If you would rather have this built for you than build it yourself, that is what I do. Start with the marketing system for business coaches and consultants, or bring in a fractional CMO for business coaches and consultants to own the strategy and execution. When you want a second set of eyes on your funnel, book a consultation and we will map the fixes in order.
Frequently asked questions
What is the biggest marketing mistake business coaches make?
The costliest is building hooks and testimonials on income or earnings claims. The FTC treats unsubstantiated earnings claims and fake or incentivized reviews as violations of its 2024 Reviews and Testimonials Rule, with penalties up to $51,744 each. It has returned over $23 million to victims of coaching schemes like MOBE. Avoid guarantees and use only truthful, representative results.
Do business coaches really need a niche?
Yes. With more than 232,000 coaching businesses in the US market, a generalist competes on price and luck. A defined niche, one buyer and one problem, lowers ad costs, sharpens referrals, and makes your offer easy to repeat. You can still serve adjacent clients. You just lead with one clear message instead of a menu.

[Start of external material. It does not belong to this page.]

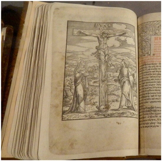 The Crucifixion, from a Minaion (August), 1558, print from an engraving. Church of the Panagia Katholiki, Pelendri. Photo: Author, by permission of the Cyprus Department of Antiquities and the Holy Bishopric of Limassol.

Should I run Facebook or YouTube ads to get coaching clients?
Only after your offer converts warm traffic. Coaching leads on Meta average around $34, and cold traffic performs worse than referrals or your email list. Prove the offer books and closes organically first, then use paid ads to scale what already works rather than to rescue an offer that does not convert.
Are client testimonials allowed under the FTC rules?
Yes, if they are genuine and not misleading. You may not use fake reviews, buy reviews, incentivize reviews for a specific sentiment, or post insider reviews without disclosure. Testimonials that imply typical results must reflect what clients generally achieve, and material connections must be disclosed. This is general information, not legal advice.
How much should a business coach spend on marketing?
There is no single number, and the order matters more than the amount. Fix the niche, offer, and follow-up before you buy traffic. Many coaches waste budget scaling ads on an offer that does not convert. Start with organic proof, then reinvest a share of revenue into the channels that already produce booked calls.
How do I get more coaching clients without buying leads?
Build a pipeline you control. Publish content for one niche, capture emails with a relevant lead magnet, nurture with a consistent email sequence, and make the next step a booked call. Measure booked calls and closes rather than followers. A fractional CMO can build this system for you if you do not want to run it yourself.